#### EXERCISE OBJECTIVE
Your answer must be the exact lines below, starting with the line with "温馨提示: 1.根据《证券法" and going on through the line with "Paolo MARIONI (XX-XXIe), Plat", both included, with no pictures.

#### PROVIDED DATA

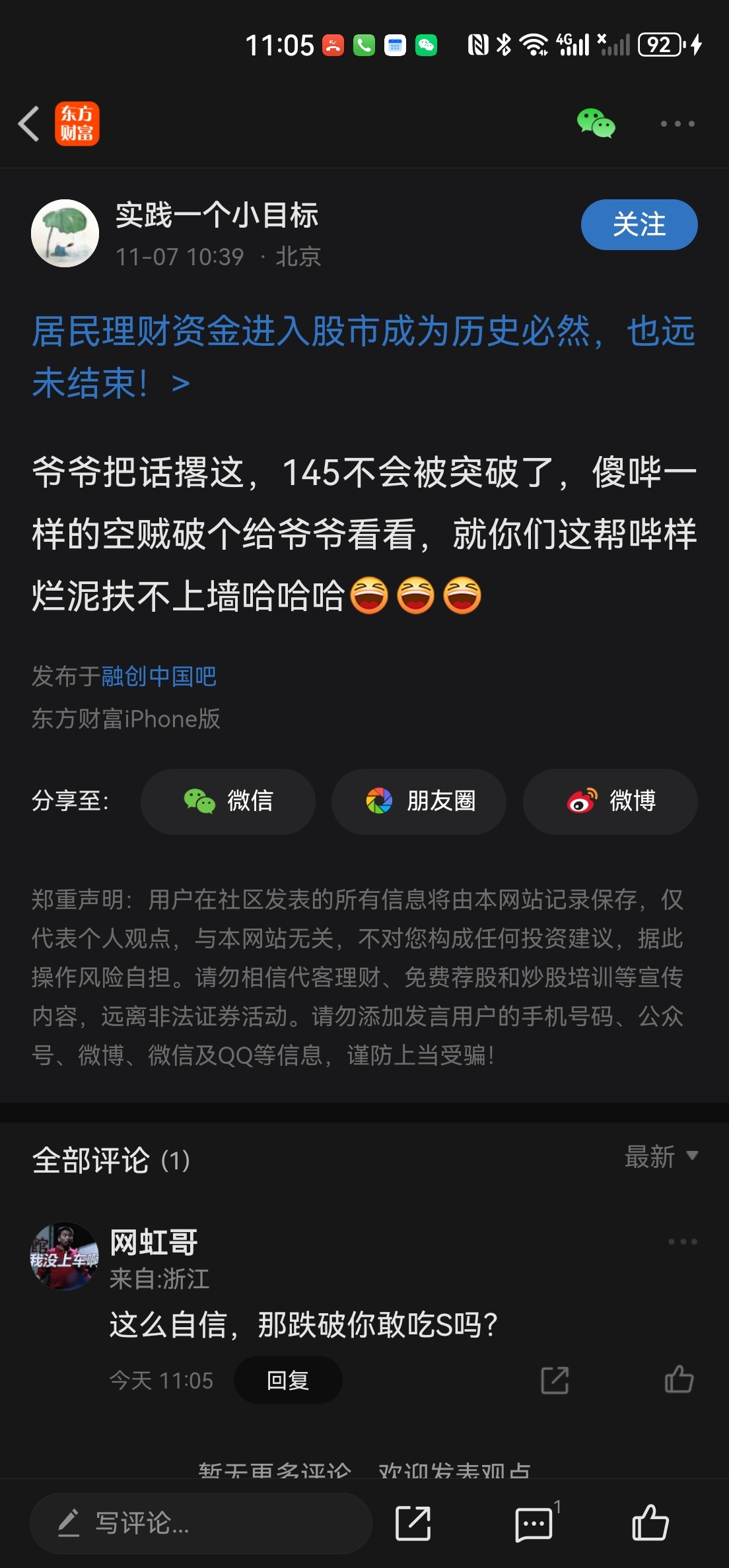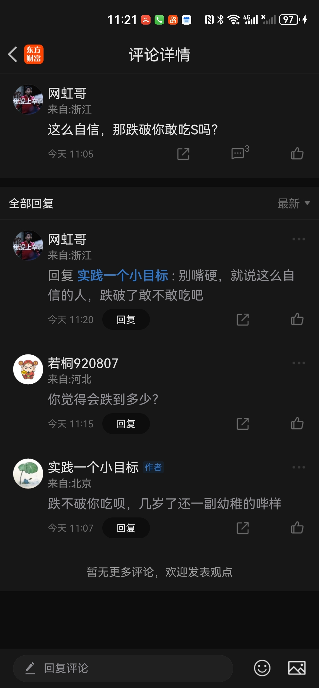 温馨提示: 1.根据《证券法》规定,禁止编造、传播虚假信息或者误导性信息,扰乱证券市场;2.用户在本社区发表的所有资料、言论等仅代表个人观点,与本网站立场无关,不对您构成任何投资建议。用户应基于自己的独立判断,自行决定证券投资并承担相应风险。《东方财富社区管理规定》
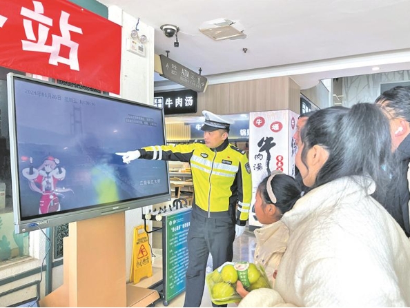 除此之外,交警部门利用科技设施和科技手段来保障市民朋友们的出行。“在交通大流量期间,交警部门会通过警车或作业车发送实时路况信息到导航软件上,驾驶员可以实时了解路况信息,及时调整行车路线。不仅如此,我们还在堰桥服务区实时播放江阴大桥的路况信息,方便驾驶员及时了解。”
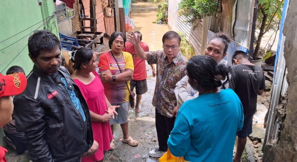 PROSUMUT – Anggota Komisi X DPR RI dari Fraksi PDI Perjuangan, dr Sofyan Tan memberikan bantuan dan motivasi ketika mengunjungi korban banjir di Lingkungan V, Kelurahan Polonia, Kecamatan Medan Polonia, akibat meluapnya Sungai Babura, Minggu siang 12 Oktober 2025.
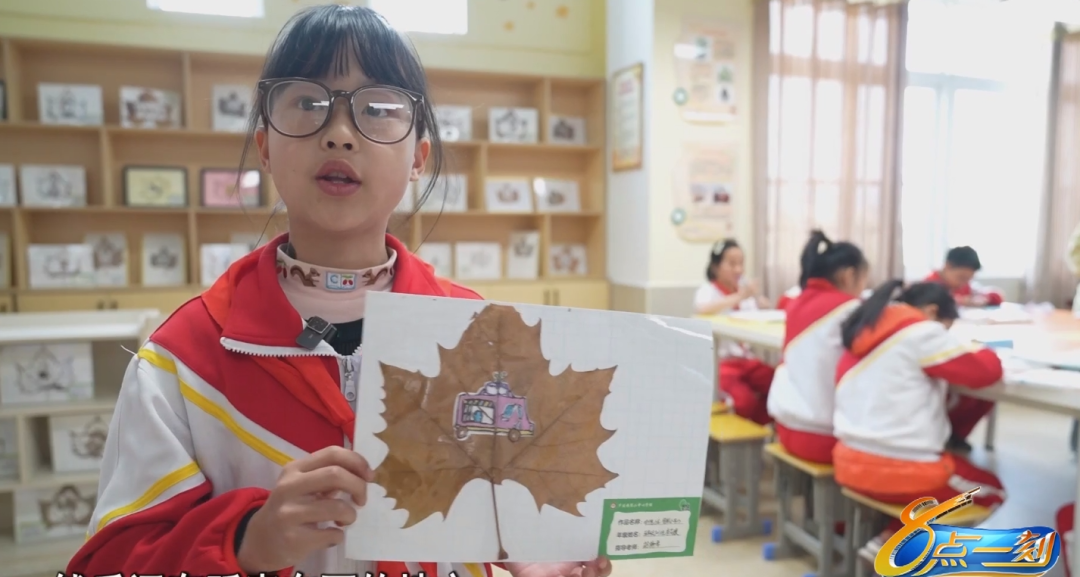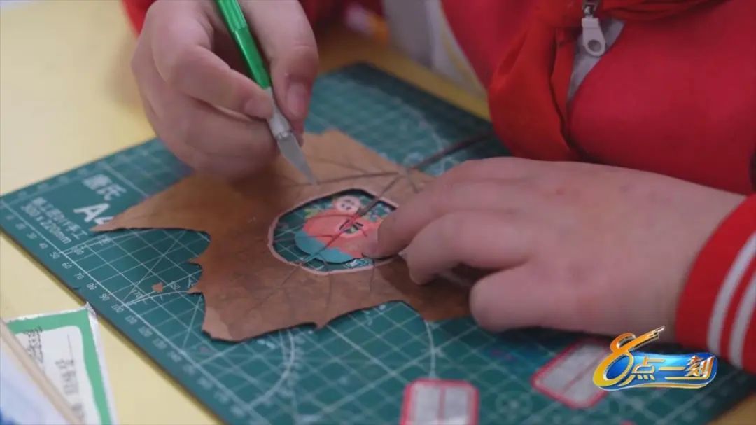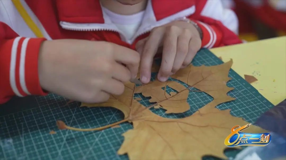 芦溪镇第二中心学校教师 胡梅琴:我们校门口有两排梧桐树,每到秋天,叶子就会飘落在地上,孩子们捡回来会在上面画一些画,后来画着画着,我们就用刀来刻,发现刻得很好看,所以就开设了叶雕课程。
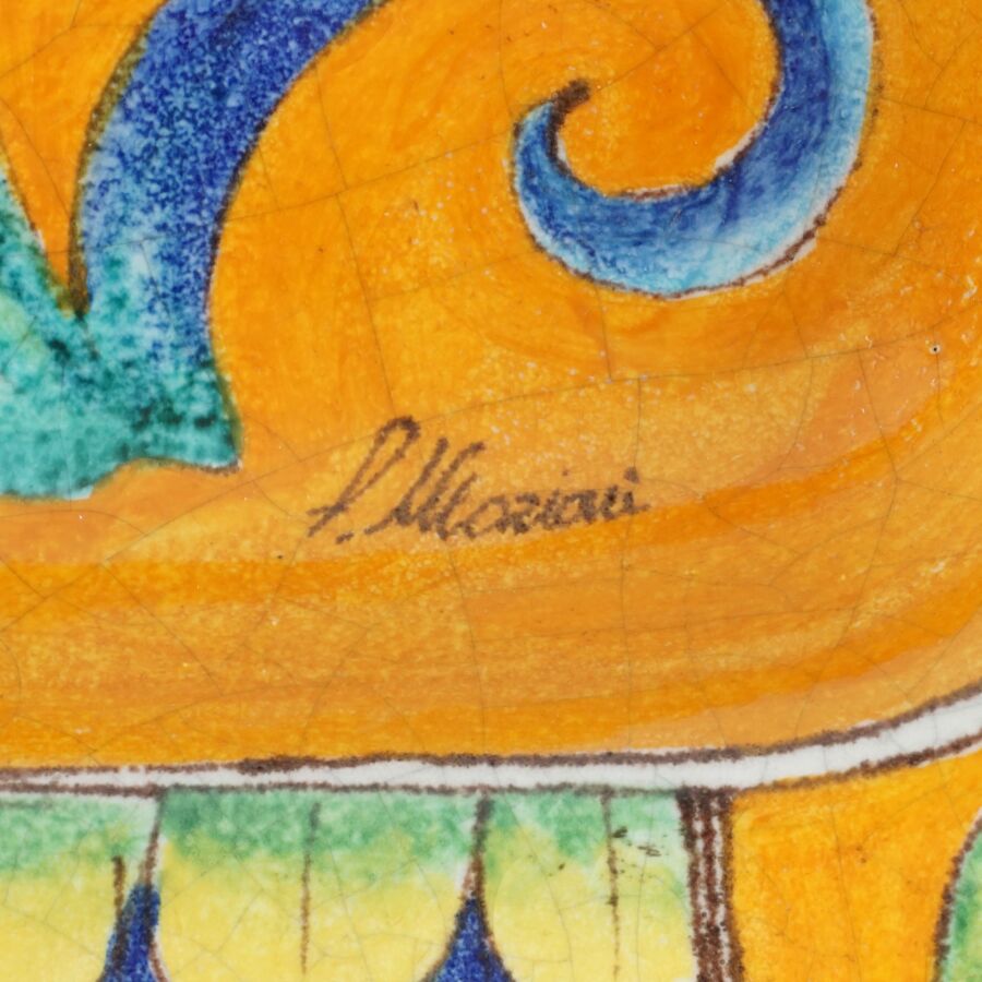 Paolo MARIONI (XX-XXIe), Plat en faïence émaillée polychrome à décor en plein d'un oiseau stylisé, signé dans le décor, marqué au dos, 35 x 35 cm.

==

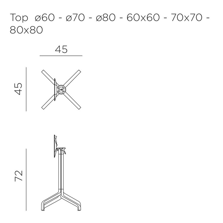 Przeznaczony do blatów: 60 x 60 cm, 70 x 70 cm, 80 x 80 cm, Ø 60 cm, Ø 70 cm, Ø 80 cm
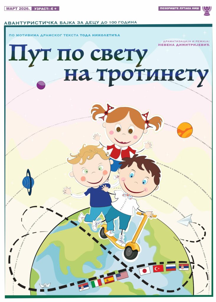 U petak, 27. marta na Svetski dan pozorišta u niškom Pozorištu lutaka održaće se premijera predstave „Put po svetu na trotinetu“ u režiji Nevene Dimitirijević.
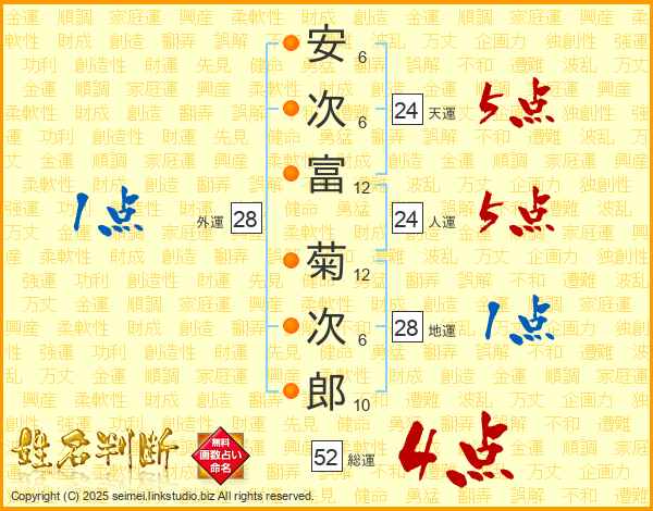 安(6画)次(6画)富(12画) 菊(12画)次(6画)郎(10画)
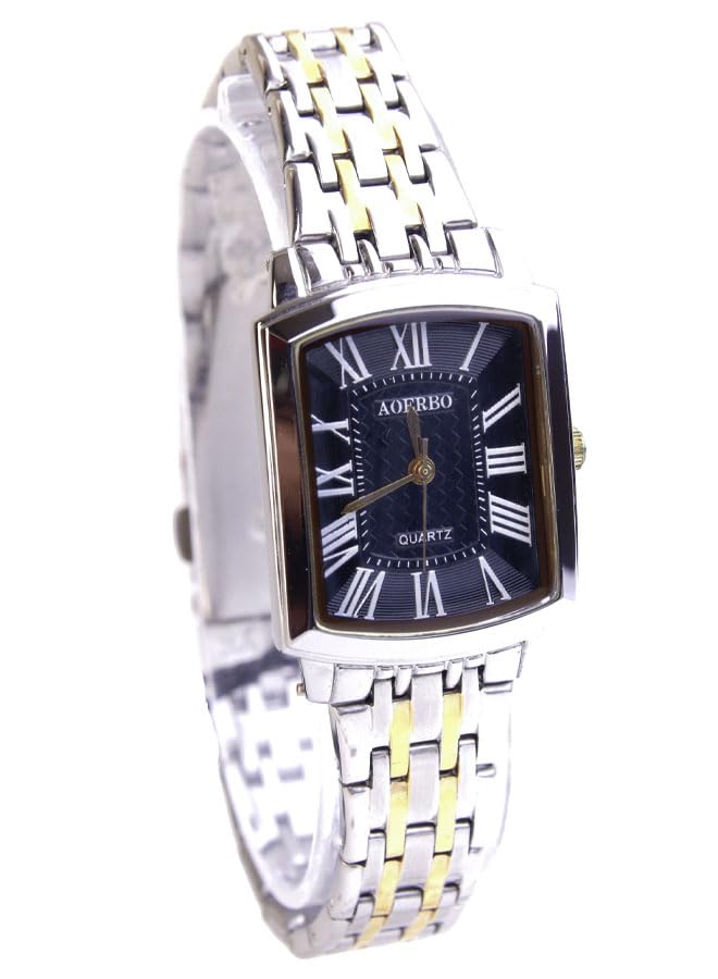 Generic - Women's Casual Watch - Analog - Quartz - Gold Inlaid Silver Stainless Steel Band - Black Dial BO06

#### FINISHED TASK
 温馨提示: 1.根据《证券法》规定,禁止编造、传播虚假信息或者误导性信息,扰乱证券市场;2.用户在本社区发表的所有资料、言论等仅代表个人观点,与本网站立场无关,不对您构成任何投资建议。用户应基于自己的独立判断,自行决定证券投资并承担相应风险。《东方财富社区管理规定》
 除此之外,交警部门利用科技设施和科技手段来保障市民朋友们的出行。“在交通大流量期间,交警部门会通过警车或作业车发送实时路况信息到导航软件上,驾驶员可以实时了解路况信息,及时调整行车路线。不仅如此,我们还在堰桥服务区实时播放江阴大桥的路况信息,方便驾驶员及时了解。”
 PROSUMUT – Anggota Komisi X DPR RI dari Fraksi PDI Perjuangan, dr Sofyan Tan memberikan bantuan dan motivasi ketika mengunjungi korban banjir di Lingkungan V, Kelurahan Polonia, Kecamatan Medan Polonia, akibat meluapnya Sungai Babura, Minggu siang 12 Oktober 2025.
 芦溪镇第二中心学校教师 胡梅琴:我们校门口有两排梧桐树,每到秋天,叶子就会飘落在地上,孩子们捡回来会在上面画一些画,后来画着画着,我们就用刀来刻,发现刻得很好看,所以就开设了叶雕课程。
 Paolo MARIONI (XX-XXIe), Plat en faïence émaillée polychrome à décor en plein d'un oiseau stylisé, signé dans le décor, marqué au dos, 35 x 35 cm.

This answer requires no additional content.